|Students Linda Hamilton and Don Bonker were named citizens of the month in 1962. Bonker pursued a political and international career after graduating from Clark. He served in the U.S. House of Representatives from 1975-1989, representing Washington's 3rd Congressional District.|
In many ways, Clark College still had almost a neighborhood feel at the start of the 1960s. Expanded programs and growing diversity in student demographics were well on the way, however. And Clark meanwhile strengthened its ability to tailor curriculum to the needs of shifting social populations.
Classes covered a broad array of programs from psychology to computer science. In a precursor of the "Healthy Penguin Nation," the college featured classes including swimming, lifesaving, fencing, ballroom dance, modern dance and folk dance.
In addition, the Business Division was at the vanguard of a boom that would carry on for several decades.
The Clark campus benefited from exterior enhancements as well. Trees and shrubs were planted; landscaping plans were approved. In 1964, the college hosted a dedication ceremony for its distinctive chime tower, which had been installed following a massive fundraising effort spearheaded by then-public relations director Bob Moser.
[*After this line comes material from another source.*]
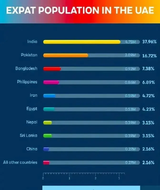 阿联酋本国人口才1000万,90%是外国人。出租车司机?基本是巴基斯坦、印度、非洲来的劳工。
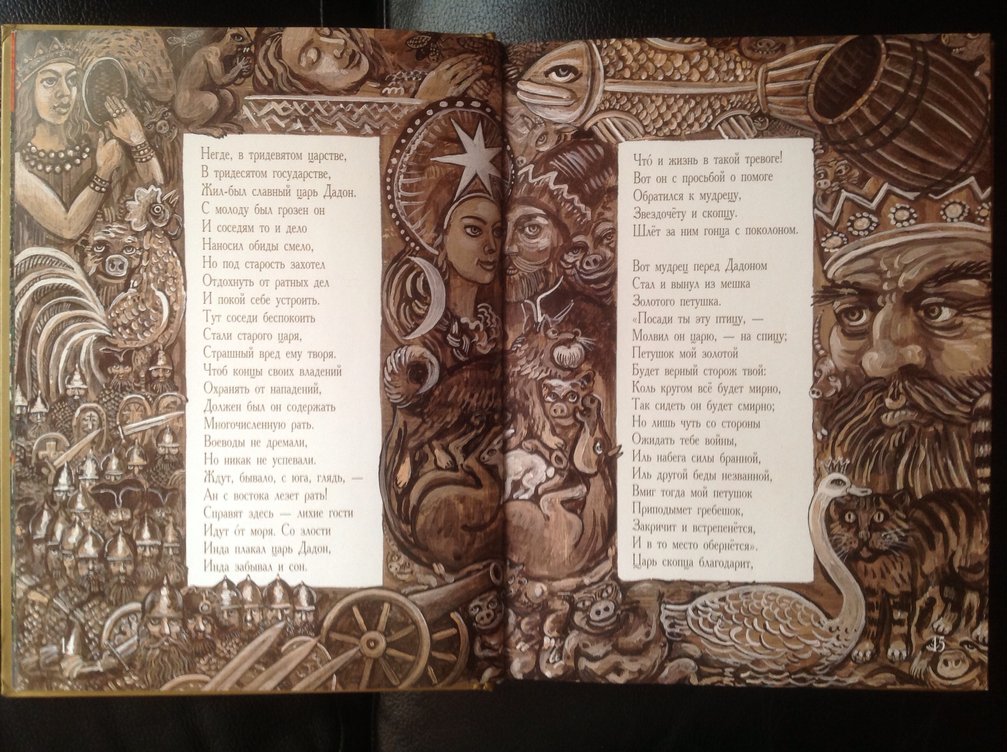 Долго я колебался с покупкой этой книги. Видел её в живую на прилавке, полистал, но сначала не впечатлился — что-то, видать, тогда отвратило от покупки. Потом купил всё-таки для полноты коллекции и при спокойном рассматривании был очарован и пленён (прочувствовал, каково было Дадону под чары попасть). Посмотрим характерные особенности манеры художницы в этом цикле.

During the 1960s, the college began to capture memories on film as well as photographs. Historic silent film footage shot at the college in the 1960s and provided by the Cannell Library, features art, biology, images of our main campus, chemistry, classrooms, diesel classes, drama productions, horticulture, the machine shop, more footage from our main campus, the printing shop, and historic sports footage.
|The 1962 Galapagon yearbook described a reorganization that grouped all courses into eight instructional divisions. The reorganization included the appointment of Dr. Antonio Scarpelli as chair of the Division of Business Education.|
Other milestones dotted the years. A 1962 Columbus Day storm broke windows and damaged roofs, but did no structural harm to the campus. Ball games, parties, dances and even classes were closed or postponed after the assassination of President John F. Kennedy on November 22, 1963, dubbed “The saddest day” by the Galapagon.
Of longer-lasting impact was the 1967 decision by the Washington legislature to create a state system of community college districts. Clark College became one of 34 Washington community and technical colleges.
In early 1968, an article in The Columbian provided an overview of the opportunities and challenges as a result of the transition. It noted that enrollments dropped in 1967, “perhaps because of the [Vietnam] war and good work conditions.” As a result, the article reported, “the college cut back its proposed $2 million budget, dropped several professors and leveled off some of its programs.” The article also noted that the college “made changes in its programs, offering more high school completion programs for dropouts. The ‘community’ sense of the college was also seen in the offering of more adult education programs, evening classes for all types and interests, and increasing emphasis placed on vocational and occupational education.” Despite the challenges, Clark’s president described the outlook for the college as shining bright.
Clark’s mostly serene campus saw little of the turbulence disrupting other colleges and universities in the 1960s. Nonetheless, the 1965 Galapagon made a passing reference to students protesting parking lots. In 1967, the yearbook published students’ views on Vietnam and also printed an editorial posing the question: Should women be drafted? The times...they were a-changin’.
Nonetheless, the college continued its tradition of honoring its history and leaders. It also continued to grow.
In May 1969, a Columbian article showcased “Clark College’s sparking new and modern lab and clinic facilities” for the 20 students in the college’s first dental hygiene program. On June 11, 1969, the college held its 33rd annual commencement ceremony in the college gymnasium. Approximately 325 students received associated degrees or certificates of proficiency. The guest speaker was Amo De Barnardis, president of Portland Community College, who told the graduates, “One of the main things that education should give you is a sense of respect for the dignity of others.” He added, “What you learn in school should help you live better and help you help others live better.”
That philosophy would resonate as Clark College entered the next decade.